## Materials provided
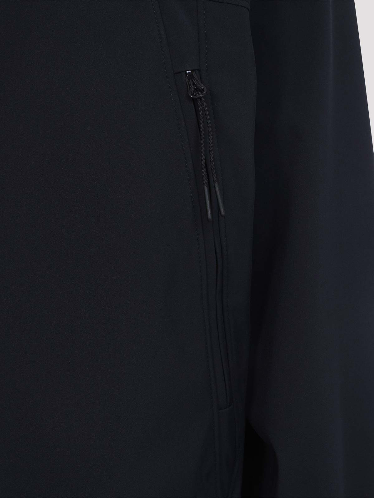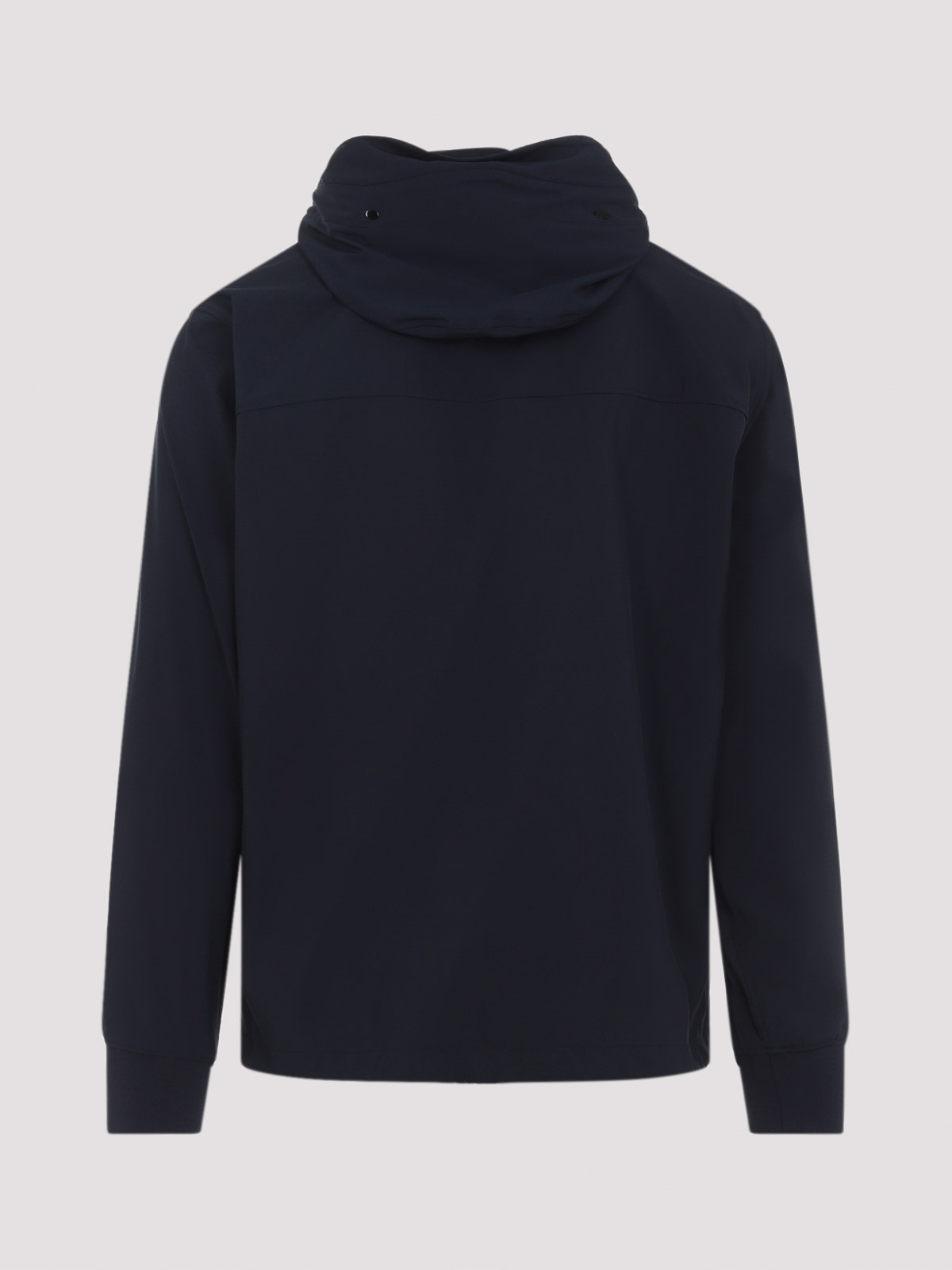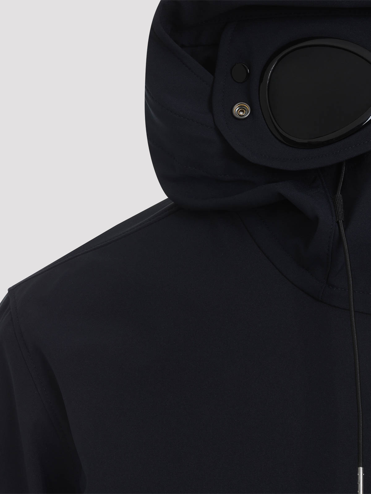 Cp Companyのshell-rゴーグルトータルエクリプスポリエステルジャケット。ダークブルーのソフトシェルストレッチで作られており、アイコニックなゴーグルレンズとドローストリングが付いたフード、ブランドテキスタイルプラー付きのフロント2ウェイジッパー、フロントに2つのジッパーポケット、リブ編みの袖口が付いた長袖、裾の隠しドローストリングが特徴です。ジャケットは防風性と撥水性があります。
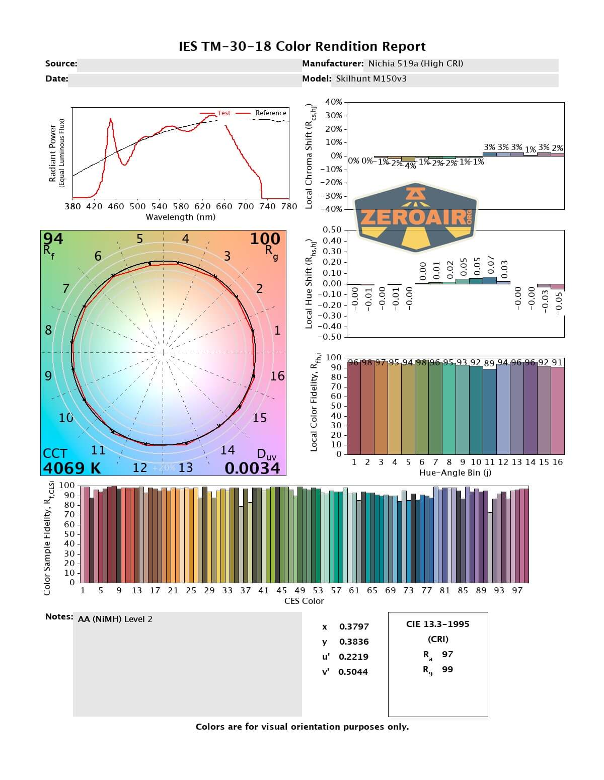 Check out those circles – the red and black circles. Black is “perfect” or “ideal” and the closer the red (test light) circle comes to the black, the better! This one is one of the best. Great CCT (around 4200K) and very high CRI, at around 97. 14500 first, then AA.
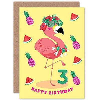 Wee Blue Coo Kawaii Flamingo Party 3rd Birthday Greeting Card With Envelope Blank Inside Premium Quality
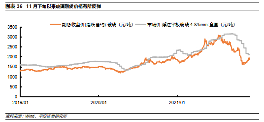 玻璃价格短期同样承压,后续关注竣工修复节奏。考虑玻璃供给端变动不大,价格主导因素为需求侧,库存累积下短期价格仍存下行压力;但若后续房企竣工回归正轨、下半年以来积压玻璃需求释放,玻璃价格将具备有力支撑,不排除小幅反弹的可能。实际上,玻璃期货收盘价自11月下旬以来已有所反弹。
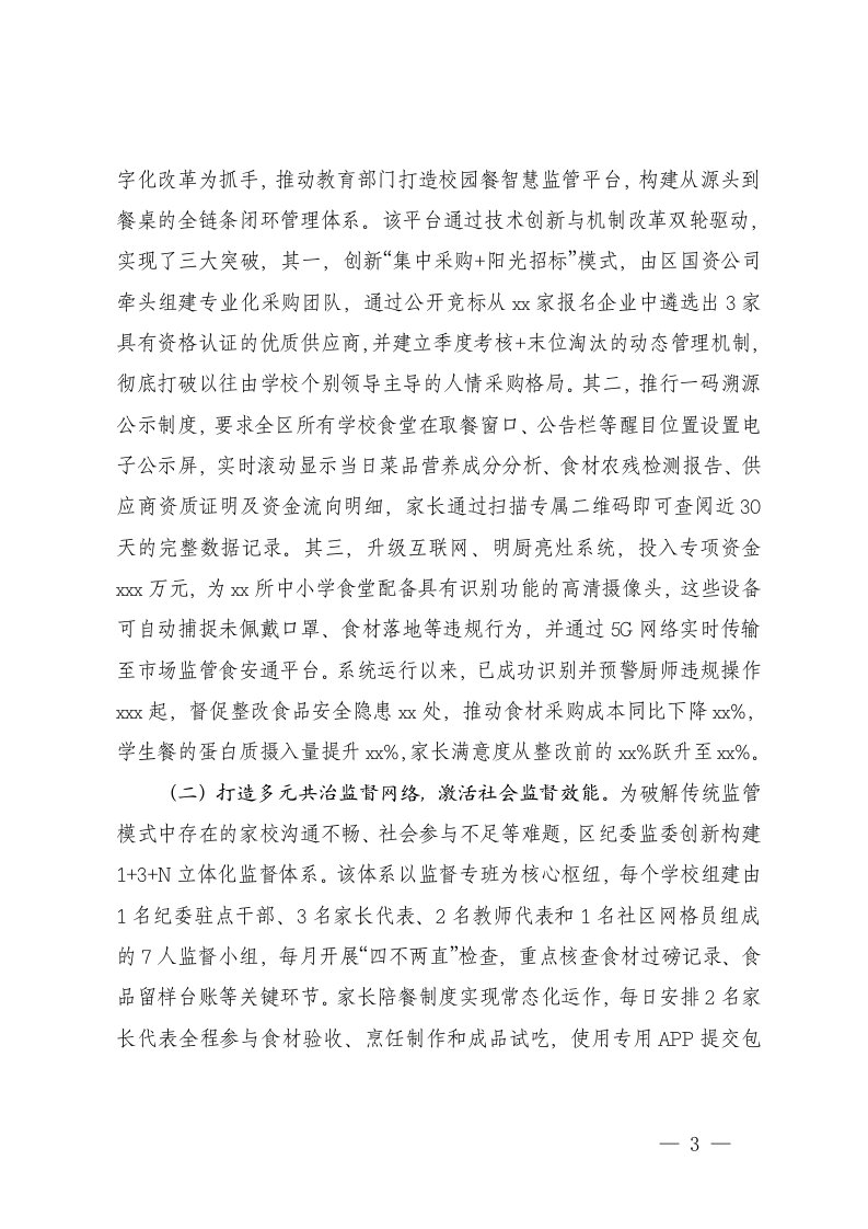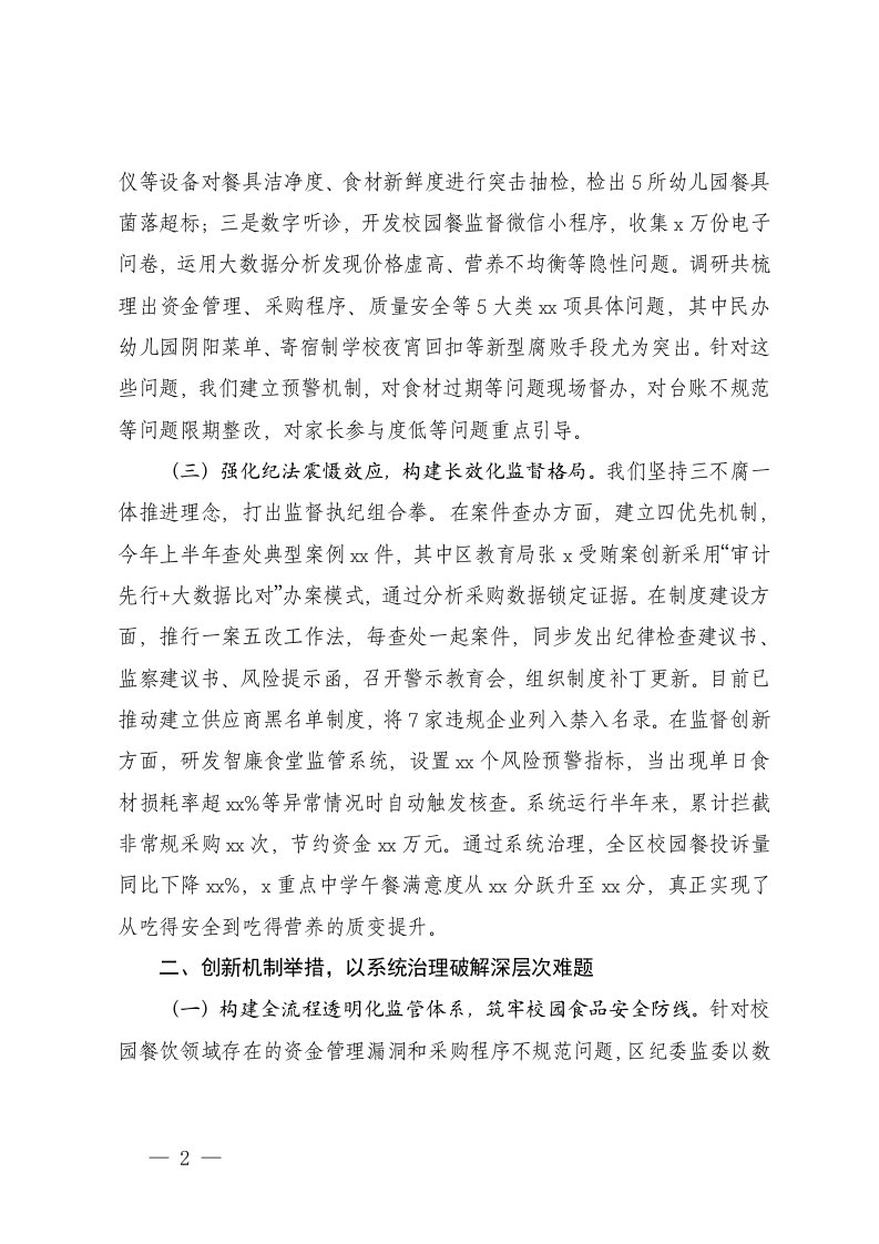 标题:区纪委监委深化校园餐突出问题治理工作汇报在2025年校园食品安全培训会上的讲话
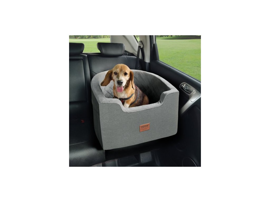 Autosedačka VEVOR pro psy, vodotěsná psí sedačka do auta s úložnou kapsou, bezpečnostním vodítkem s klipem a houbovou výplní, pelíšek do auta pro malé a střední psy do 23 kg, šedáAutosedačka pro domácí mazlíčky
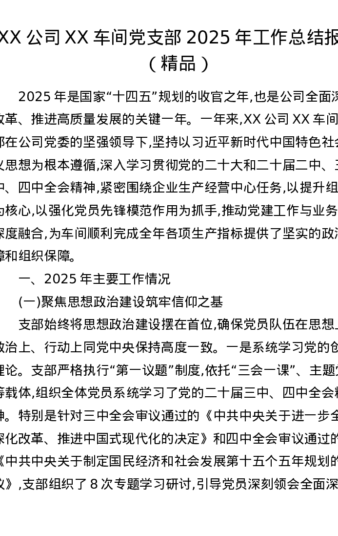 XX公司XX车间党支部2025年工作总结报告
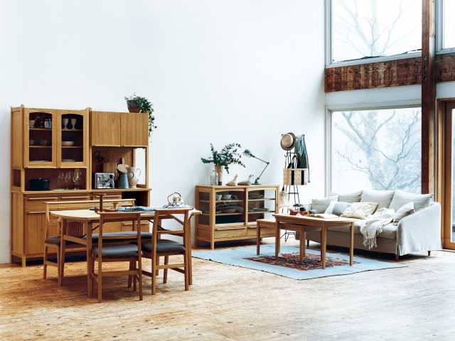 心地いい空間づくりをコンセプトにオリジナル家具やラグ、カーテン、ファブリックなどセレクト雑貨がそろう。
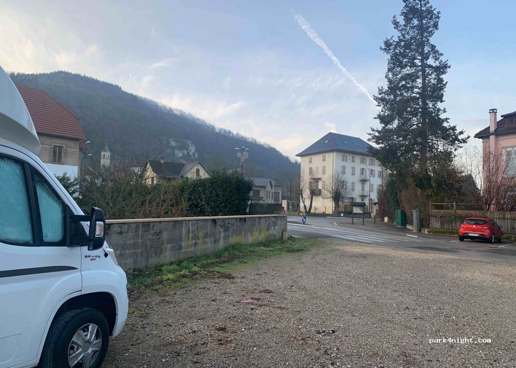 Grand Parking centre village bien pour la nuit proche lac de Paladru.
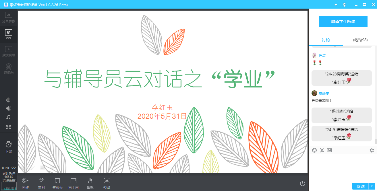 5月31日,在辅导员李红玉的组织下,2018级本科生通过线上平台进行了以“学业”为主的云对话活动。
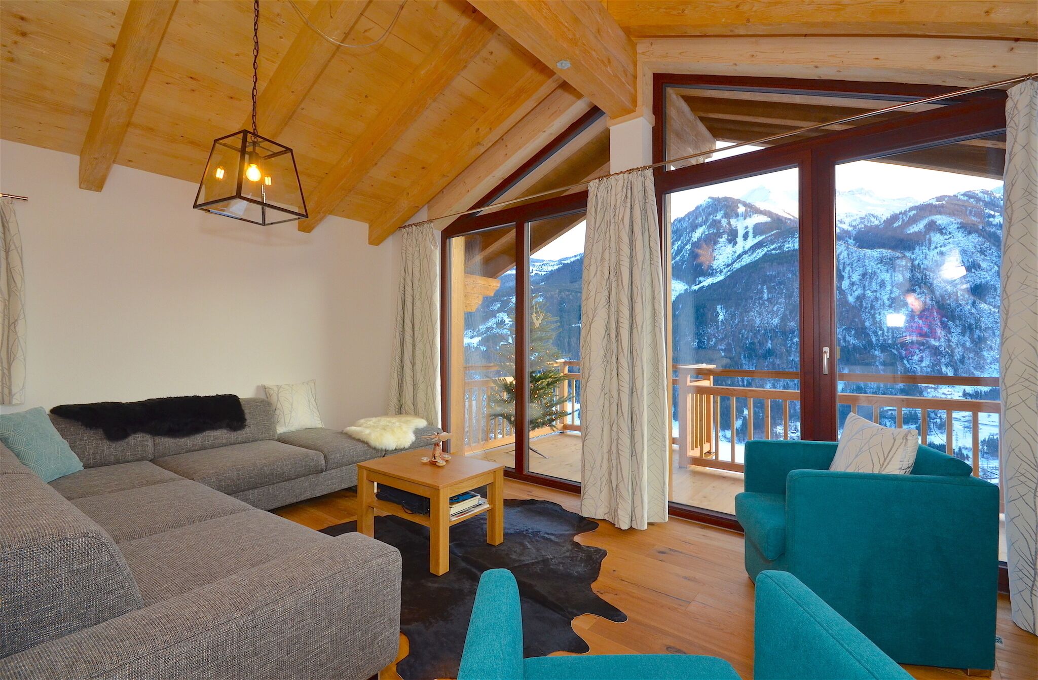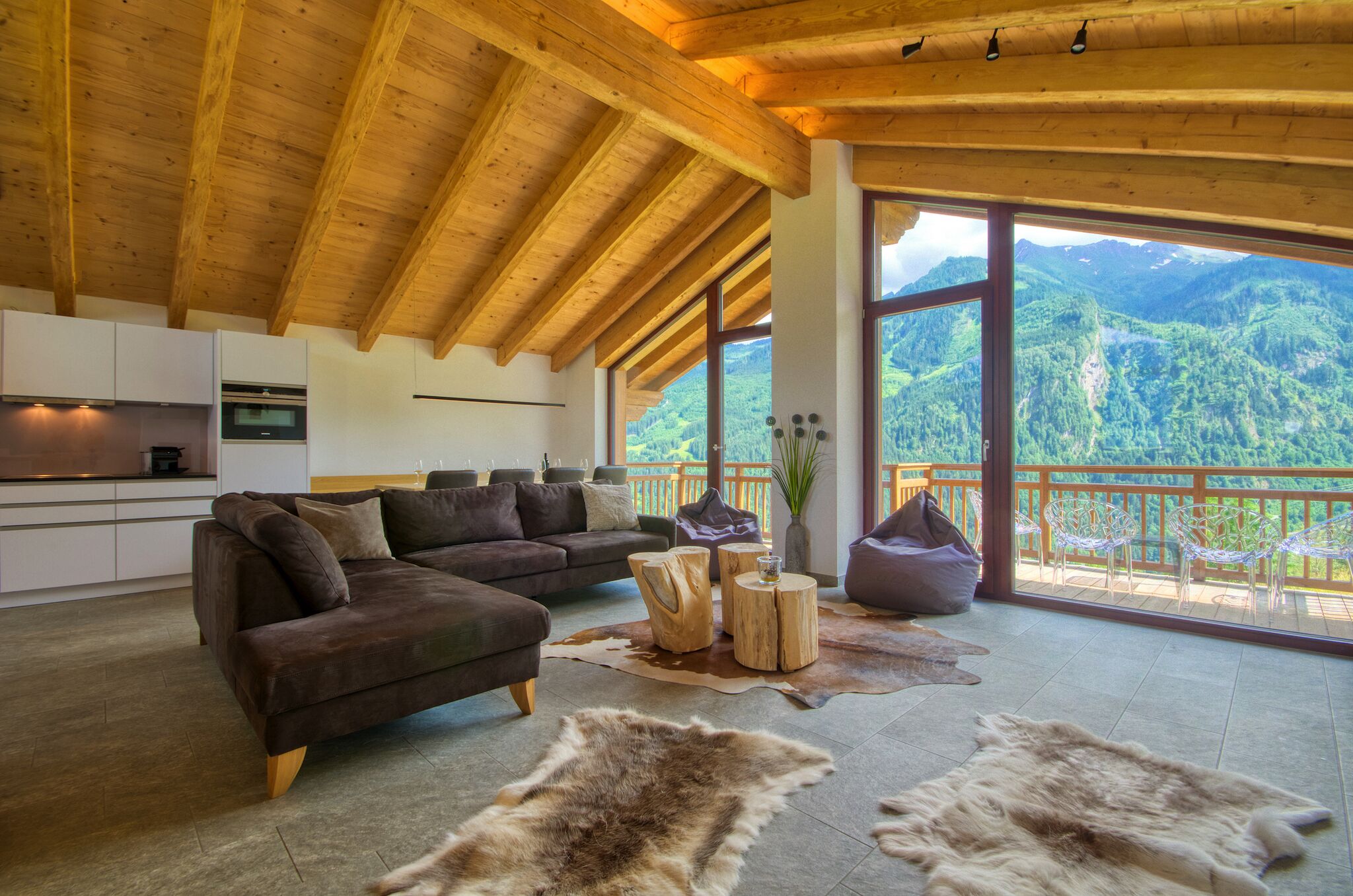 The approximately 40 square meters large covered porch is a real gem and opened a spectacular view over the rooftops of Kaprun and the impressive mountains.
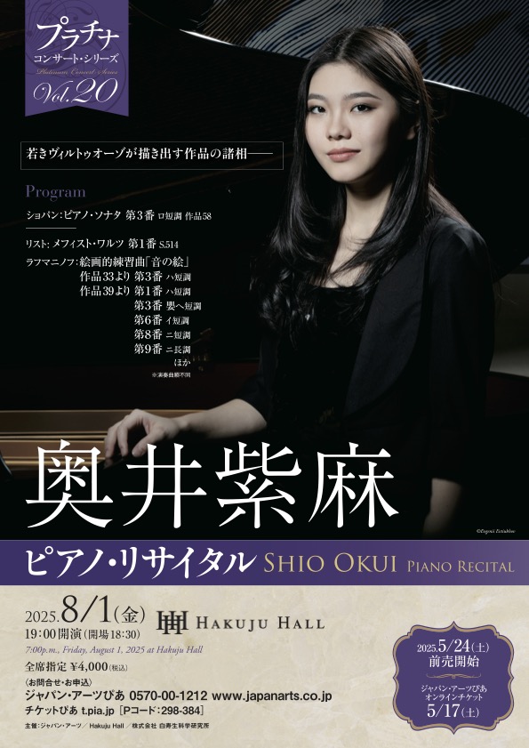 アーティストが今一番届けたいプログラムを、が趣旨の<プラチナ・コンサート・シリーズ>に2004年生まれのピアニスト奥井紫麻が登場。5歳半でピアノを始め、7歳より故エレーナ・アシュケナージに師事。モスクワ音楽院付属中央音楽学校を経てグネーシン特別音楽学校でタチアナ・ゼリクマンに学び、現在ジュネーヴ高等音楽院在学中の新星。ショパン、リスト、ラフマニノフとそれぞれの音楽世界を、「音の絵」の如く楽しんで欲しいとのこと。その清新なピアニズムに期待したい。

## Problem requirements
Output the listing above exactly as it stands; no picture should appear.

## Solution to the exercise
 Cp Companyのshell-rゴーグルトータルエクリプスポリエステルジャケット。ダークブルーのソフトシェルストレッチで作られており、アイコニックなゴーグルレンズとドローストリングが付いたフード、ブランドテキスタイルプラー付きのフロント2ウェイジッパー、フロントに2つのジッパーポケット、リブ編みの袖口が付いた長袖、裾の隠しドローストリングが特徴です。ジャケットは防風性と撥水性があります。
 Check out those circles – the red and black circles. Black is “perfect” or “ideal” and the closer the red (test light) circle comes to the black, the better! This one is one of the best. Great CCT (around 4200K) and very high CRI, at around 97. 14500 first, then AA.
 Wee Blue Coo Kawaii Flamingo Party 3rd Birthday Greeting Card With Envelope Blank Inside Premium Quality
 玻璃价格短期同样承压,后续关注竣工修复节奏。考虑玻璃供给端变动不大,价格主导因素为需求侧,库存累积下短期价格仍存下行压力;但若后续房企竣工回归正轨、下半年以来积压玻璃需求释放,玻璃价格将具备有力支撑,不排除小幅反弹的可能。实际上,玻璃期货收盘价自11月下旬以来已有所反弹。
 标题:区纪委监委深化校园餐突出问题治理工作汇报在2025年校园食品安全培训会上的讲话
 Autosedačka VEVOR pro psy, vodotěsná psí sedačka do auta s úložnou kapsou, bezpečnostním vodítkem s klipem a houbovou výplní, pelíšek do auta pro malé a střední psy do 23 kg, šedáAutosedačka pro domácí mazlíčky
 XX公司XX车间党支部2025年工作总结报告
 心地いい空間づくりをコンセプトにオリジナル家具やラグ、カーテン、ファブリックなどセレクト雑貨がそろう。
 Grand Parking centre village bien pour la nuit proche lac de Paladru.
 5月31日,在辅导员李红玉的组织下,2018级本科生通过线上平台进行了以“学业”为主的云对话活动。
 The approximately 40 square meters large covered porch is a real gem and opened a spectacular view over the rooftops of Kaprun and the impressive mountains.
 アーティストが今一番届けたいプログラムを、が趣旨の<プラチナ・コンサート・シリーズ>に2004年生まれのピアニスト奥井紫麻が登場。5歳半でピアノを始め、7歳より故エレーナ・アシュケナージに師事。モスクワ音楽院付属中央音楽学校を経てグネーシン特別音楽学校でタチアナ・ゼリクマンに学び、現在ジュネーヴ高等音楽院在学中の新星。ショパン、リスト、ラフマニノフとそれぞれの音楽世界を、「音の絵」の如く楽しんで欲しいとのこと。その清新なピアニズムに期待したい。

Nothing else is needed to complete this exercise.